Я сразу же пошла. Оказывается, у него был какой-то приступ, что-то вроде спазма мозгового в результате, как сказали врачи, отравления никотином. Он почти ничего не ел и очень много курил. И у него что-то случилось с головой. Он путал слова, не всегда понимал, о чем идет разговор, на полуслове терял нить разговора.

И в то же время он мне страшно обрадовался, и мы разговорились. И я увидела, что и в болезни он никак не может выйти из круга наболевших и мучительных для него вопросов. Я пыталась отвлечь его от самого себя, рассказывала о концертах Шостаковича и Прокофьева. Он был близок с Шостаковичем, и его эти рассказы интересовали. При этом, не слыша той музыки, о которой я говорила, он удивительно точно и тонко определил творческие индивидуальности обоих. Но он сразу же опять возвращался на свою привычную мучительную тропу и говорил все о том же, все о том же…

Он лежал на большой постели, одетый, маленький, очень худой, похожий на тряпичную куклу с большой головой, которую надевают на пальцы, на игрушку бибабо. При нем была Мариша, которая своим спокойствием, хозяйственностью, организованностью хорошо на него действовала, а Вера Вл. была на даче, и он не хотел, чтоб она приезжала.

А в общем-то, он был один, несмотря на жену, сына, внука и Маришу. Он мне вдруг сказал: «Нет, я плохо устроил свою жизнь. Мне нужна была добрая женщина, которая бы меня жалела».

Лидочка, не буду Вам все описывать. До нашего отъезда я бывала у него часто, почти каждый день. Ему стало лучше. Он действительно стал выходить и вскоре уехал к Вере Вл. в Сестрорецк, и мы успокоились насчет его здоровья. Перед нашим отъездом он зашел проститься. Когда он уходил, мы с ним, прощаясь, поцеловались, и я с какой-то внутренней тревогой подумала: «А вдруг это в последний раз…» И вот так и случилось.

Все это было очень тяжело.

Он надписал мне только что вышедшую его книжку – это было в первые дни, когда он еще лежал в постели, при Марише. Он взял перо и вдруг сказал: «Какая глупость! Я не могу писать тебе на «вы». Я так давно тебя знаю и люблю (Вы, конечно, понимаете, что это «люблю» никакого специфического оттенка не имеет), я напишу тебе на „ты“». И он сделал надпись на «ты», а потом сразу же как будто забыл об этом и говорил, как обычно, на «вы». Эта книжка хранится у меня как величайшая ценность.

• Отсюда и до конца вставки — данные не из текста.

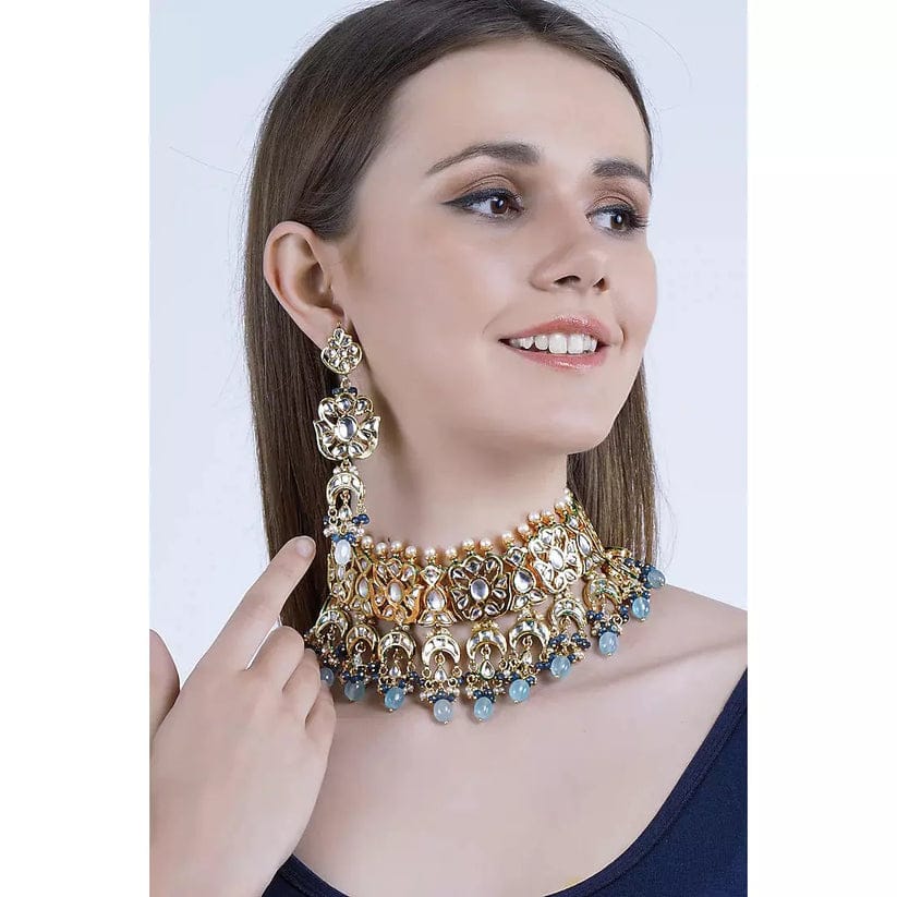 Designer Pearl Beaded Kundan Choker Necklace With Earrings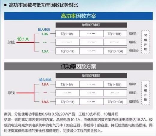 使用歐普商照LED T8燈管-“亮易Ⅲ”高功率因數照明方案,電網供電總線電流降低一半,進而減少供電系統中的電氣元件(如變壓器、電器設備、導線等)的容量。從而達到降低熱損耗,增強系統安全性,穩定供電電壓,間接減少投資費用。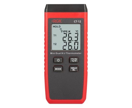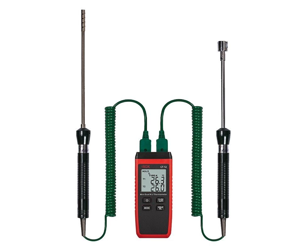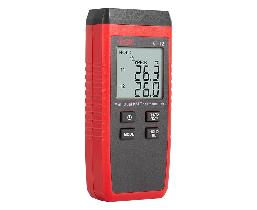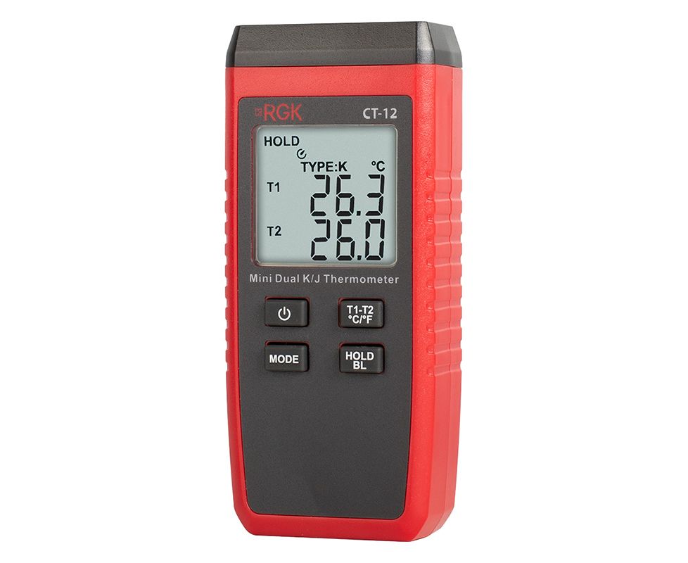 Термометр RGK CT-12 способен измерять температуру от - 40 до + 500 °C, если используется зонд TR-10S из комплекта. Модель оснащена 2 гнездами для подключения выносных датчиков, которые оснащены функцией определения разности между каналами. Комплект зондов позволяет измерять прибором как жидкости, так и газообразные вещества.

…Мы уехали, потрясенные последним с ним разговором, а через две недели узнали, что все кончено. Я хотела сразу написать Вам и не смогла».

Вот это письмо. А теперь я добавлю то, что я записала по памяти в 1961 году, после разговора с Корнеем Ивановичем.

Он не давал себя лечить, не соглашался на врачей. Литфонд тоже как-то не торопился прислать врача, очевидно, зная, что он будет встречен неохотно и Зощенко все равно не даст себя полечить, как нужно. Все же я договорилась и убедила Зощенко, что надо сделать анализ крови. Он неохотно согласился. Анализ сделали, я спросила врачей, каков результат. Мне сказали, что только формула сильно сдвинута, но это может быть и при гриппе.

Вообще взаимоотношения Зощенко с врачами, их интерес к нему и его встречи с психиатрами представляют особый интерес.

У его изголовья на столе лежала его книжка в переводе на польский (кажется, именно на польский) и очень милое письмо из иностранного издательства не то тоже из Польши, не то из Венгрии, не помню. Но он к этому был равнодушен, а когда я села у его кровати, он начал возбужденно говорить мне о своем положении, о том, что его не реабилитировали, что он по-прежнему ходит в оплеванных и виноватых, что его не печатают, что ему вернули рассказы оттуда-то и оттуда, чего-то не напечатал «Крокодил». Действительно, в это время положение его опять осложнилось (может быть, после пресловутой встречи с английскими студентами).

Одним словом, его сжигали горькие мысли, накопившиеся обиды, неудачи, трудности с печатанием, затянувшаяся история с пенсией.

Слушать все это было очень тяжело, было страшно его жалко в этой его униженной гордыне, в этой его беззащитной уязвимости, в неумении, неспособности переступить через несправедливость, постараться забыть, восстановить свои жизненные силы, отнестись философски, что ли. Нет, ему нужна была полная и почетная реабилитация. Он говорил в том духе, что, мол, обвинили и опорочили его публично и печатно на весь мир, а вот нигде не сказано, что он оскорблен напрасно.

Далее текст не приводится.